* What needs to be done: When you reach the line below that has "High angle view", start returning lines exactly, and stop after the line that has "Unlock the treasure"; skip the pictures.

* Excerpted data:

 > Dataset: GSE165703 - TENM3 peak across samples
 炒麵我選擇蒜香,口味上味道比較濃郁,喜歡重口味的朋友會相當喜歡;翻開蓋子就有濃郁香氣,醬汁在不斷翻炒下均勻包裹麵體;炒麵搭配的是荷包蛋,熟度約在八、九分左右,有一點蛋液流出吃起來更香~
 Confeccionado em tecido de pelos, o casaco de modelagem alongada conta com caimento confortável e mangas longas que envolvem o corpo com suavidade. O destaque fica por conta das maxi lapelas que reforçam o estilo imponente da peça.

==

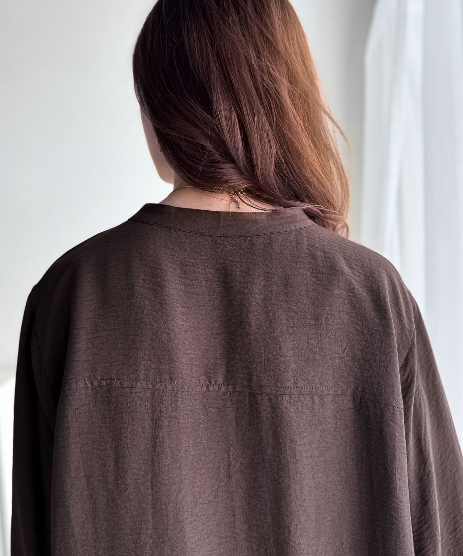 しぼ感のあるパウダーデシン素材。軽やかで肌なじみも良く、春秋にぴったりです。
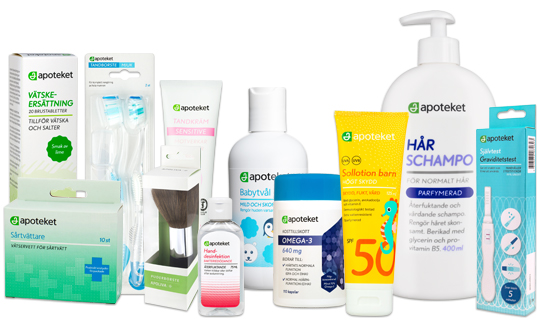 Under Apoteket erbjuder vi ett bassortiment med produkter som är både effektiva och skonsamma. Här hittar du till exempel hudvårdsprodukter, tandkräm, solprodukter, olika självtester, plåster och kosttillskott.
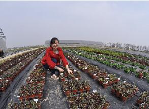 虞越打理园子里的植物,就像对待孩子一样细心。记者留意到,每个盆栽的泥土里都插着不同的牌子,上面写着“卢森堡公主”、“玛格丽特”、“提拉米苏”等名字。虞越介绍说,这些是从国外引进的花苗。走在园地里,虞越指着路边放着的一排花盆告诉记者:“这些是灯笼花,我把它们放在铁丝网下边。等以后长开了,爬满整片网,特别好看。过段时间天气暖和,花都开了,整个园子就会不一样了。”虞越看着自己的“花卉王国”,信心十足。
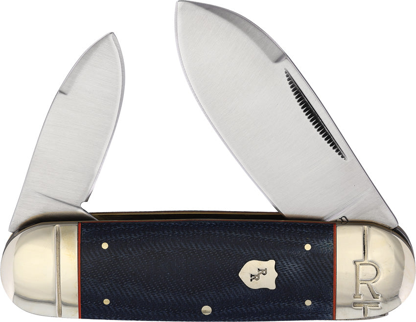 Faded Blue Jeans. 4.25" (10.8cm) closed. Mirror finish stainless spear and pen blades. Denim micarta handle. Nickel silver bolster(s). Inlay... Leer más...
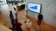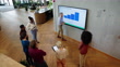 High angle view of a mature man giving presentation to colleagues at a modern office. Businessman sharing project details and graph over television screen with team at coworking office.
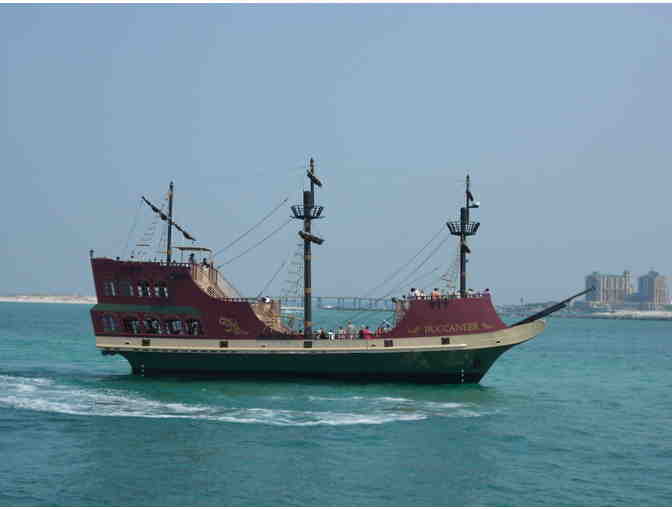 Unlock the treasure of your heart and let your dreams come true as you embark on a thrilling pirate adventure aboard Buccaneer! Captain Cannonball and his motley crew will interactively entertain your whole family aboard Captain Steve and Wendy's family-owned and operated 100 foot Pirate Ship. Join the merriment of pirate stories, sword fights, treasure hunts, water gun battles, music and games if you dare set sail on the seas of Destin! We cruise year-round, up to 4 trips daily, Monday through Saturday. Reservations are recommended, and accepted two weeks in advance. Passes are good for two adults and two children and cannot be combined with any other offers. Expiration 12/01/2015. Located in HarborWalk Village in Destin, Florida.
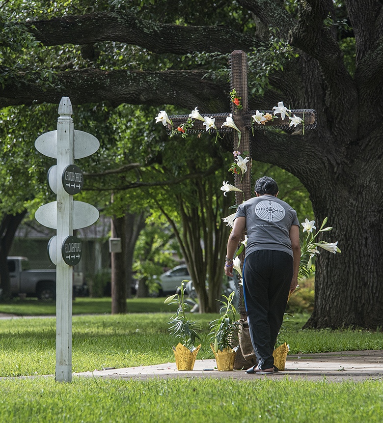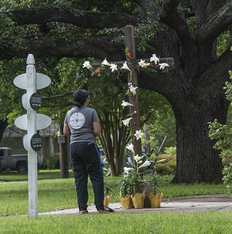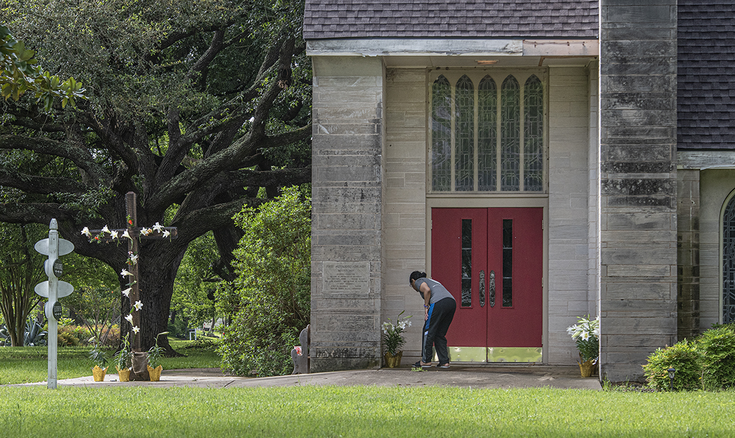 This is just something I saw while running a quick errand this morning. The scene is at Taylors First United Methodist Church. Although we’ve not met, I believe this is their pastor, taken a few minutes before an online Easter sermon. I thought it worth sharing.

* Result below:
 High angle view of a mature man giving presentation to colleagues at a modern office. Businessman sharing project details and graph over television screen with team at coworking office.
 Unlock the treasure of your heart and let your dreams come true as you embark on a thrilling pirate adventure aboard Buccaneer! Captain Cannonball and his motley crew will interactively entertain your whole family aboard Captain Steve and Wendy's family-owned and operated 100 foot Pirate Ship. Join the merriment of pirate stories, sword fights, treasure hunts, water gun battles, music and games if you dare set sail on the seas of Destin! We cruise year-round, up to 4 trips daily, Monday through Saturday. Reservations are recommended, and accepted two weeks in advance. Passes are good for two adults and two children and cannot be combined with any other offers. Expiration 12/01/2015. Located in HarborWalk Village in Destin, Florida.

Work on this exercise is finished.